Along the way, Lolley helped Auburn win a national championship and three Southeastern Conference championships. He sent a stream of defensive backs into the NFL, and they swear by him to this day.

Next season, Lolley will be on the field again, but it won’t be at Auburn. He will leave Auburn in June with his state retirement and coach defense for the Edmonton Eskimos of the Canadian Football League. Lolley, who sometimes seems to know everyone involved with football, gave Edmonton head coach Chris Jones his first fulltime coaching job as a North Jackson assistant.

At 59, Lolley doesn’t act like a man who is anywhere close to being done with the game.

“Auburn, I can’t say enough about it,” Lolley said. “It’s been a great ride. It’s been wonderful. But I’m kind of antsy. A lot of things are bottled up inside me, and I’ve got to see some things. Auburn has been a wonderful place, but I miss coaching.

“The job I’ve had the last year or two has been a blessing. I’ve really enjoyed it and could do it forever, but I want to be up there with the guys challenging and doing things.”

For sure, it will be a different kind of challenge.

Instead of 11 players on the field, there are 12 in the CFL. Six players can be in motion at the same time and can run toward the line of scrimmage before the ball is snapped. There are only three downs.

“When I talk to people about defense, all it is is solving puzzle,” Lolley said. “… It’s a new puzzle to me. It’s been real intriguing for me to look at it.”

If you listen to Lolley for long, he’ll be talk about the days of his youth when he learned the toughness and the work ethic that have served him well. His stories are endless. But always, the conversation turns to football. When he talks football, he talks pressure and man-to-man defense. And he is  passionate.

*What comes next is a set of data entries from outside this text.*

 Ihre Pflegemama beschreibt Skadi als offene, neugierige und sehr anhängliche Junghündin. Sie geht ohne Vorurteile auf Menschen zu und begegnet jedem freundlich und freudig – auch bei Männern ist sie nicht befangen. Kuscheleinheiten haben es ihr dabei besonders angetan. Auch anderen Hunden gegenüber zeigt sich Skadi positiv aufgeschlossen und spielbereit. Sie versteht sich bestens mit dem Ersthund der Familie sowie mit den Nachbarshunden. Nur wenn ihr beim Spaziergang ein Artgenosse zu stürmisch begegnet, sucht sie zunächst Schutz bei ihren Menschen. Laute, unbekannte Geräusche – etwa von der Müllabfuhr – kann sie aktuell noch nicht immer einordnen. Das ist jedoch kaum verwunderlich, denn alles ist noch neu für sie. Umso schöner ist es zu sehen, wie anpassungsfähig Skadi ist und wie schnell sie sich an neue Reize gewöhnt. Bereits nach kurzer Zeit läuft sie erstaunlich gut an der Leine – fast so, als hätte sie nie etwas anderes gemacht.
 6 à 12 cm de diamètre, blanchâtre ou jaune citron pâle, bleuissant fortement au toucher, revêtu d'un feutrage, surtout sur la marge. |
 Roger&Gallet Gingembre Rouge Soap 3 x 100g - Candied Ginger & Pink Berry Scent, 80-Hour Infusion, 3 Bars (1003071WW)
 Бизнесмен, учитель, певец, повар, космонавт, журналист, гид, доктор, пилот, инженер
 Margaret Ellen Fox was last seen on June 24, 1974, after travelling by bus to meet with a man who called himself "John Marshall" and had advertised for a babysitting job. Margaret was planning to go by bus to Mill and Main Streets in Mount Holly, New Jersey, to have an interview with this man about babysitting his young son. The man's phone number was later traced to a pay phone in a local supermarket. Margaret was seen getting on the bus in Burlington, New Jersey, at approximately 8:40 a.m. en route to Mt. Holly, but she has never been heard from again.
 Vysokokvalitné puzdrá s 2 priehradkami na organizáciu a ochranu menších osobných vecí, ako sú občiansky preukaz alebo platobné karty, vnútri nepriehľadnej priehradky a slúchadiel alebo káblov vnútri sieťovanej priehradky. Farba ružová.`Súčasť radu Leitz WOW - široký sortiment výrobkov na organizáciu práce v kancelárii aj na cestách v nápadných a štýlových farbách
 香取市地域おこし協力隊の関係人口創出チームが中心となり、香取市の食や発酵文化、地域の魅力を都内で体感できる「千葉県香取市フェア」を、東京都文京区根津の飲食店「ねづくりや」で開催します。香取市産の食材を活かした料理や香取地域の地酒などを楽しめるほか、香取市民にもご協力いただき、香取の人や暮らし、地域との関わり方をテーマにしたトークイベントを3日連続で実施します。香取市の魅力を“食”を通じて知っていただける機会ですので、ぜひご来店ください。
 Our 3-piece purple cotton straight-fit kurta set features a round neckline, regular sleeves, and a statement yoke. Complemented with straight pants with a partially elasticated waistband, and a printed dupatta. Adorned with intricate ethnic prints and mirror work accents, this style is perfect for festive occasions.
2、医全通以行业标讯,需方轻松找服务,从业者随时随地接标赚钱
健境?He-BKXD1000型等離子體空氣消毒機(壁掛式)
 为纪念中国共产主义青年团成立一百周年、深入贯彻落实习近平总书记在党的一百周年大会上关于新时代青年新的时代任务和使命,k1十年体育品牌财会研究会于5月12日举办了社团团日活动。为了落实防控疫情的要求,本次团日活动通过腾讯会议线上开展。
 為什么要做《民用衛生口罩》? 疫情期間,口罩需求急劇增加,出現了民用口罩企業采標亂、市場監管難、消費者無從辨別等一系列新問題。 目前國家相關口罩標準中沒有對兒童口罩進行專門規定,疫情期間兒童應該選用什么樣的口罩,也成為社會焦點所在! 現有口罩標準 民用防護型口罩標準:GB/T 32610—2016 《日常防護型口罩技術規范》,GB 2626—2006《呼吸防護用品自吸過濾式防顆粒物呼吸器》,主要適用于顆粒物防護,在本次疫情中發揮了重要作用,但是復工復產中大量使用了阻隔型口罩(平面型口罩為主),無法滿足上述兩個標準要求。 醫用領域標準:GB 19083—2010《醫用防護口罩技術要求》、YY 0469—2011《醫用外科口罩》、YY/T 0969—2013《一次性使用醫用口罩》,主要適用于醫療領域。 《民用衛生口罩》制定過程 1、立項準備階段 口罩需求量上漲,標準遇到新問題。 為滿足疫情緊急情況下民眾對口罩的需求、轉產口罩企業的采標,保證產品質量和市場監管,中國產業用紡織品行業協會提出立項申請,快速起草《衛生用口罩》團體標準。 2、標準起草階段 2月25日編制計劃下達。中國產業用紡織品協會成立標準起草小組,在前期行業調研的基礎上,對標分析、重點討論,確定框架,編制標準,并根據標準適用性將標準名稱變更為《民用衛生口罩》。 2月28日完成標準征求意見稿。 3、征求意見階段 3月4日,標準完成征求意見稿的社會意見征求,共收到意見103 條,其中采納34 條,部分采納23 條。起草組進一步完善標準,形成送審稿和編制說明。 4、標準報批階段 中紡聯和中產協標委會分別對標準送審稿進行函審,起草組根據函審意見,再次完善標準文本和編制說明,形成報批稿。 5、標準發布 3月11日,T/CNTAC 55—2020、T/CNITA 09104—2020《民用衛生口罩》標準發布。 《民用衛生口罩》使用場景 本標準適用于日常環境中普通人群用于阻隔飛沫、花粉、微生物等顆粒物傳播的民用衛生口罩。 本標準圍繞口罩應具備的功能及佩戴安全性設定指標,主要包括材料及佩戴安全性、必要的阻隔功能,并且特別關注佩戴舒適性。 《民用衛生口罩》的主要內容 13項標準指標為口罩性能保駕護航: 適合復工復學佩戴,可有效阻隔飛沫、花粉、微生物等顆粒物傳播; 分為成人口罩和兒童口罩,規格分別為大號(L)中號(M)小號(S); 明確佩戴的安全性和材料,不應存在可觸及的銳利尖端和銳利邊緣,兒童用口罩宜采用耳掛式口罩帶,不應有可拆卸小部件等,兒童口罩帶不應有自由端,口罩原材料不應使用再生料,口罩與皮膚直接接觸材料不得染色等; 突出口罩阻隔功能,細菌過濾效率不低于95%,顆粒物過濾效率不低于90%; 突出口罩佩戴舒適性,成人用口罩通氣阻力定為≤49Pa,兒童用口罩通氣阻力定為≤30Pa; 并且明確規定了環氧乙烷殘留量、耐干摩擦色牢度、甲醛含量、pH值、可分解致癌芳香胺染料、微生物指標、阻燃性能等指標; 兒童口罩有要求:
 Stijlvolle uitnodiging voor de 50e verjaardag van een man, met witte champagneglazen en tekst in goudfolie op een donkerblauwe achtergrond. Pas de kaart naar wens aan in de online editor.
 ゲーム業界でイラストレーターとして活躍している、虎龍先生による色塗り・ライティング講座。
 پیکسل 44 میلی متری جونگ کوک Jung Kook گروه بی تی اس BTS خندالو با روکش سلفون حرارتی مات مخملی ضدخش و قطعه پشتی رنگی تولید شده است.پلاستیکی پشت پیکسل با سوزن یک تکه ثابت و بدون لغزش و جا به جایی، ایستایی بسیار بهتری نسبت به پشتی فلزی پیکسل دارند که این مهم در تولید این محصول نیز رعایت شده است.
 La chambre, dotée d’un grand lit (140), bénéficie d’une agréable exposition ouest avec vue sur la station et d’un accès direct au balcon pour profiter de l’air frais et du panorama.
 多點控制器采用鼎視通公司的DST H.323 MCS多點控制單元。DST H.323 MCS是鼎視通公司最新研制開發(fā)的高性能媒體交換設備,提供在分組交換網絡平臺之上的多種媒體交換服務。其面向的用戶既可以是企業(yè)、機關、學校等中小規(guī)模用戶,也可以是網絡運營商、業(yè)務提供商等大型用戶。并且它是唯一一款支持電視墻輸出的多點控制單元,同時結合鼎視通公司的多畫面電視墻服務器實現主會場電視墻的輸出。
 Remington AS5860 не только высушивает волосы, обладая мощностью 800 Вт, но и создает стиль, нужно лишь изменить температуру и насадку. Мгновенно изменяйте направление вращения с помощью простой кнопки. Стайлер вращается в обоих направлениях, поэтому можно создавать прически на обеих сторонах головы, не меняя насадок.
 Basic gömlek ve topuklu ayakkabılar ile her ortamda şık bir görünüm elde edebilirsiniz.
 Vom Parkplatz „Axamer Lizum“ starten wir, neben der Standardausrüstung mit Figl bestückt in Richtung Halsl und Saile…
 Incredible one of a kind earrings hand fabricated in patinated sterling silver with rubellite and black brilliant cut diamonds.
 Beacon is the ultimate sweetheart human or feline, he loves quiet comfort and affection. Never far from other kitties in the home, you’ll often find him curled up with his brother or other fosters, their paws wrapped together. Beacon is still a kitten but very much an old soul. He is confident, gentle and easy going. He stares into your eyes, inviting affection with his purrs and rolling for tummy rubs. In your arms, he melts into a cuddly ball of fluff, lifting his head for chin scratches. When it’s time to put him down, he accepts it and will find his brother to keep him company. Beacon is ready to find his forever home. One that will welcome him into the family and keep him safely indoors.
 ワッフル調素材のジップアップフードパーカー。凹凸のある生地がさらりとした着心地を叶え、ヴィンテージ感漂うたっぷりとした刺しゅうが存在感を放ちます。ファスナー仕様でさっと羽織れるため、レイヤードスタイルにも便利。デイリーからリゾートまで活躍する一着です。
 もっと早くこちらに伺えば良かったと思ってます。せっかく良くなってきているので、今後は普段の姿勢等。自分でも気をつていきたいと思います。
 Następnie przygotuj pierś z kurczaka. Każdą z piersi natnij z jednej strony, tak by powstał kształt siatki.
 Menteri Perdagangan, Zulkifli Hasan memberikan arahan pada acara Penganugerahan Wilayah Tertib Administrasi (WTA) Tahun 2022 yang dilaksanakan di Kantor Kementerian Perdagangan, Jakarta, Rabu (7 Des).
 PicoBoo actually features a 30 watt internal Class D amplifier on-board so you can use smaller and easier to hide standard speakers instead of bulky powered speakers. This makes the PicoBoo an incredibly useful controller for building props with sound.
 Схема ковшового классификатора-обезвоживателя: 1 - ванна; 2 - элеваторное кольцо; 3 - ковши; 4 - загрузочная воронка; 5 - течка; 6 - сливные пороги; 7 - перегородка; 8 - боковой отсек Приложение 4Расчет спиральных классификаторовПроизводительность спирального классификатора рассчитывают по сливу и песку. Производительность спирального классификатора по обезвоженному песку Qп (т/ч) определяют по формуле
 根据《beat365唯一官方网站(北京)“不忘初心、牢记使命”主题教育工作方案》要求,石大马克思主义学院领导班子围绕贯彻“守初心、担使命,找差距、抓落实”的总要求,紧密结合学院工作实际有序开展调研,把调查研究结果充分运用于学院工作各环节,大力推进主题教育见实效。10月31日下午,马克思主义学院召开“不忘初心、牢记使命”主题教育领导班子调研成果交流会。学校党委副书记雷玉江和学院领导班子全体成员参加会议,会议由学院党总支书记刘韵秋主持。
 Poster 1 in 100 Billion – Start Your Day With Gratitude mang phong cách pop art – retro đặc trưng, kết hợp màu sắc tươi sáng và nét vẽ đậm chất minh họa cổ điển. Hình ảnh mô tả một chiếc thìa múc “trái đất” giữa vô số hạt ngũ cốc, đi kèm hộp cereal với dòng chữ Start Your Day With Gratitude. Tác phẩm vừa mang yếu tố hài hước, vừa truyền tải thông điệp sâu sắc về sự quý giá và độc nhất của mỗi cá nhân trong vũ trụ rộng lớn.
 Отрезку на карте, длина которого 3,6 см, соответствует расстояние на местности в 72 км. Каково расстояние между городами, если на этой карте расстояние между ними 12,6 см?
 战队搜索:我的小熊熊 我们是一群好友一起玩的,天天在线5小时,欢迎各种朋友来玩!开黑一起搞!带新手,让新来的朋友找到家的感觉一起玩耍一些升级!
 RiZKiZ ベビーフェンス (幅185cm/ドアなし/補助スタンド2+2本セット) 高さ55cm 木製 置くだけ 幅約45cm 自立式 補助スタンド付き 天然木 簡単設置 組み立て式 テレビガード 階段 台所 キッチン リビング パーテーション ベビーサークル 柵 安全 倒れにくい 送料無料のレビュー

“They say playing man-to-man is going to be very difficult because of all the motion,” Lolley said. “I say hogwash. You can solve any puzzle if you know what you are doing. We are going to play a little bit of everything, but we are basically going to be a pressure, man-to-man type team.”

Jones played high school football in South Pittsburgh, Tenn., just over the Alabama line, and in college at Chattanooga. Lolley hired him at North Jackson, helped him become a graduate assistant on Mike DuBose’s first staff at Alabama and an assistant coach at what is now West Alabama.

Jones called Lolley as Auburn was preparing folast season's Southeastern Conference Championship Game. He wanted Lolley on his staff badly enough that he said, if necessary, he would even wait a year to fill the position. Finally, Lolley decided he would leave his roots and move north to do what he loves most to do.

Former defensive back T’Sharvan Bell, who finished his Auburn career in 2012, loved to talk about “Coach Lolley’s country sayings.” He could even do a nifty Lolley impersonation. But Bell, like so many others, respected Lolley as a coach and as a man who exuded toughness but loved the young men who played the game.

“Best coach I’ve ever been around,” Bell said. “No question about it.”

Now Lolley will move on to coach a different kind of football in a different country. But his beliefs in what wins and his passion for the game won’t change. He’ll be on the field again, teaching lessons of pass defense, tackling and toughness.

And, really, that’s where Phillip Lolley belongs.